Ensuring accountability for arbitrators and establishing a mechanism to impose penalties on parties that wrongfully benefit are essential imperatives in India’s arbitration landscape. The authors suggest a strong cause towards exercising arbitrator due-diligence by the parties to the dispute and agree on the choice of arbitrator. It would counterpoise to conduct a conflict-check on the arbitrator to minimize the risk of allegations of impartiality.

This involves careful scrutiny of arbitrators' past awards and any writings they have published. It is essential to prepare a list of arbitrator’s requirements during the initial stage of due diligence. These requirements, which may be case-specific, can be derived from the arbitration agreement, the seat and venue or the dispute resolution clause of the transactional documents. General considerations include nationality, language, applicable law, expertise in a particular industry, and previous appointments as an arbitrator or a counsel.
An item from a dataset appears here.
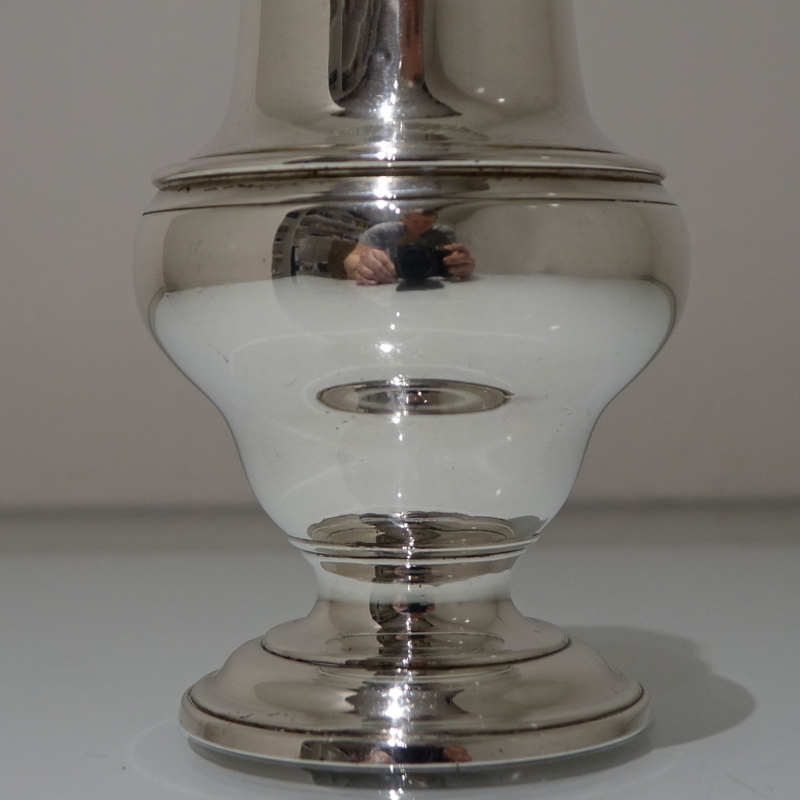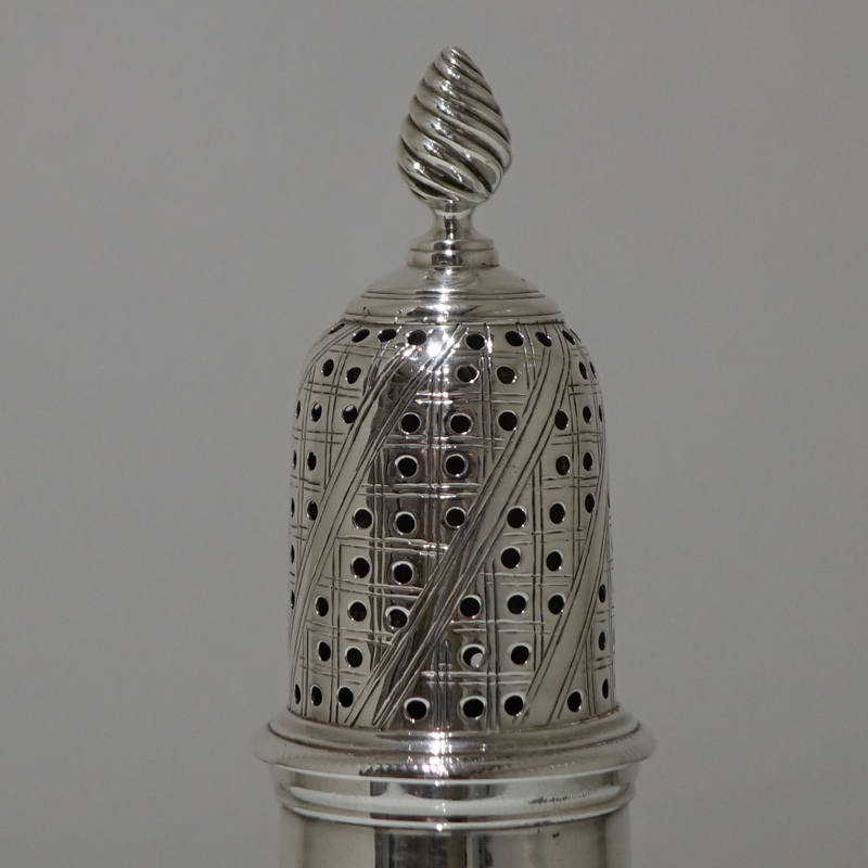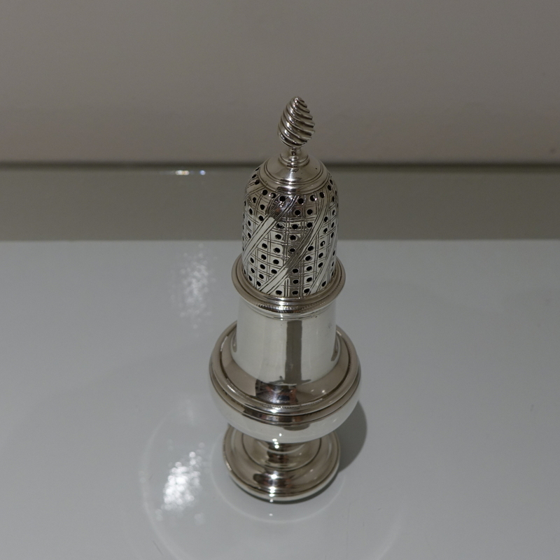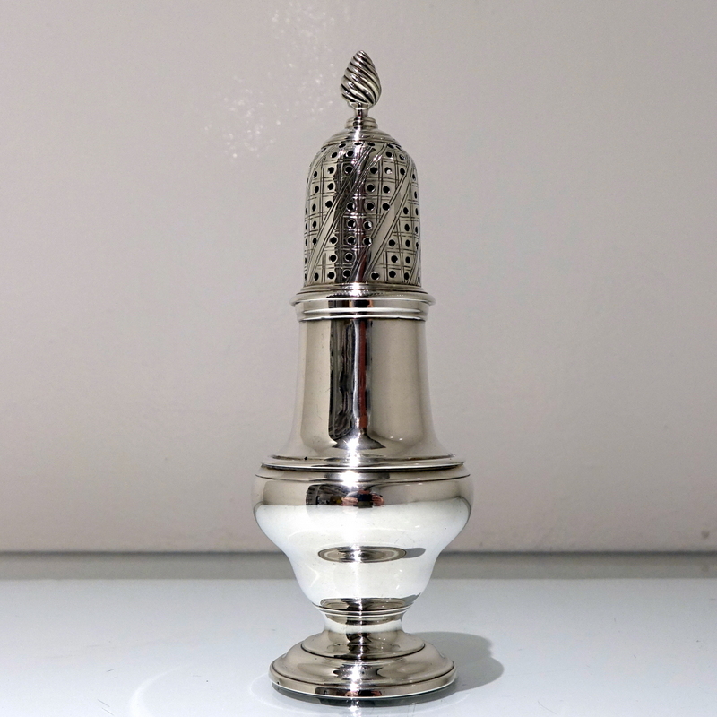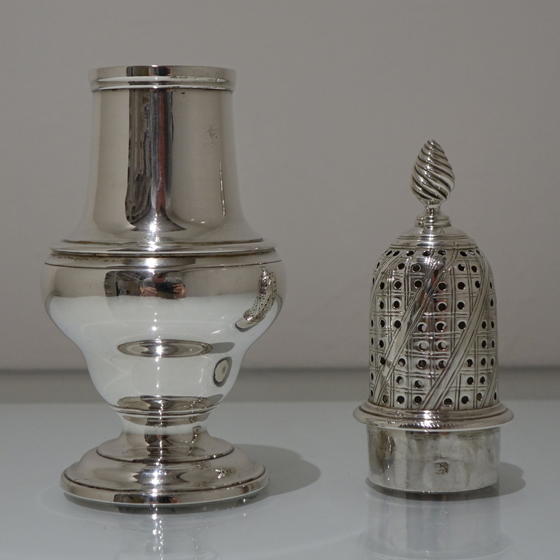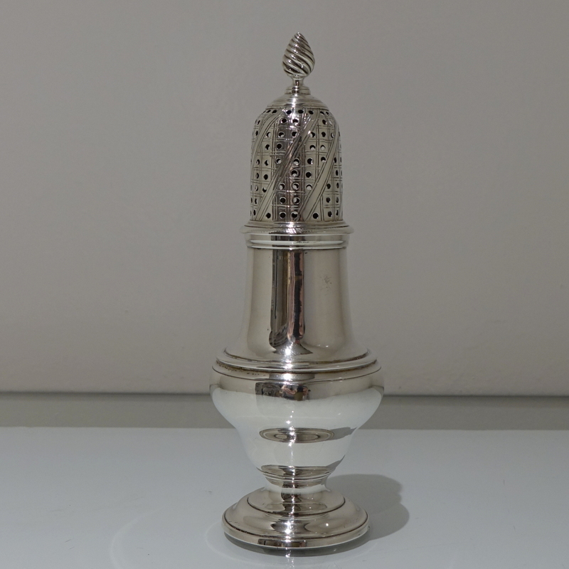 A very fine baluster formed sugar caster beautifully contrasting in design with a plain formed body and a stylish engraved detachable pierced lid.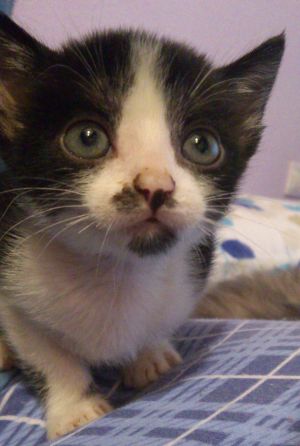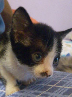 Con el tiempo se está haciendo cada vez más cariñosa y busca más el calor humano. Es muuuy espabilada, la verdad, y como buena hembra es de las más espabiladas de la camada. No hay que olvidar que la pobre al igual que dos de sus hermanos estuvo muy enferma, pero es muy fuerte y ahora es una gatita sana que sabe tanto ser independiente como pedir cariños.»

Mechanism for due-diligence: The Way Ahead

When appointing arbitrators, it is helpful to gather pertinent details about their expertise and background to assess their fit for the specific case. One way to achieve this feat is by conducting one-on-one conversations with potential arbitrators, allowing the parties to learn from their past experiences relevant to your case's needs. Such discussions can expand upon or clarify the information provided in their disclosures under Schedule VI, offering a more comprehensive understanding of their suitability. The questions might delve into areas such as the nature and complexity of the arbitrations the person has previously adjudicated, the roles they have taken on, and their past performance in those cases, considering their level of preparedness, demeanour, and overall effectiveness.

Such due-diligence can even go beyond the scope of general information to avoid conflicts of interest. When evaluating arbitrators, there is no better approach than directly engaging with a party having first-hand experience with the candidate in question. They can offer valuable insights into how and why the candidate may be well-suited for the specific arbitration at hand by looking into prior arbitrations in which the arbitrator has participated (e.g., subject matter, dispute, complexity, amount at stake, period of appointment) as well as arbitrator’s performance on prior panels (e.g., grasp of issues, management skills, quality of work, disposition, preparedness) based on feedback from the former parties.

Conclusion

We can conclude that arbitrators are in a formidable and murky disposition, encompassing complex interactions with the stakeholders. These connections impose substantial obligations on them, necessitating diligent adherence to their responsibilities to avoid legal liabilities and potential damages. However, ensuring accountability for arbitrators can undergo a colossal overhaul by means of a methodical due-diligence mechanism stirred either by amendments or practices. The effective implementation of arbitral immunity must be balanced with mechanisms that ensure accountability and fairness which will further advance the common law principle that there lies no reason or scope for arbitrators to defend suits brought against them by disgruntled parties. India can further strengthen its position as a preferred destination for both domestic and international arbitration, aligning with global standards and facilitating just outcomes for all stakeholders involved in arbitration processes.

 

 

Disclaimer: The content and information in this note should not be construed as legal advice. This is merely a summary of the applicable provisions and not meant for any specific situation. The above explanations are merely to provide an insight of the term in question. Specific situations in a legal scenario are subject to the golden words, i.e. “it depends”.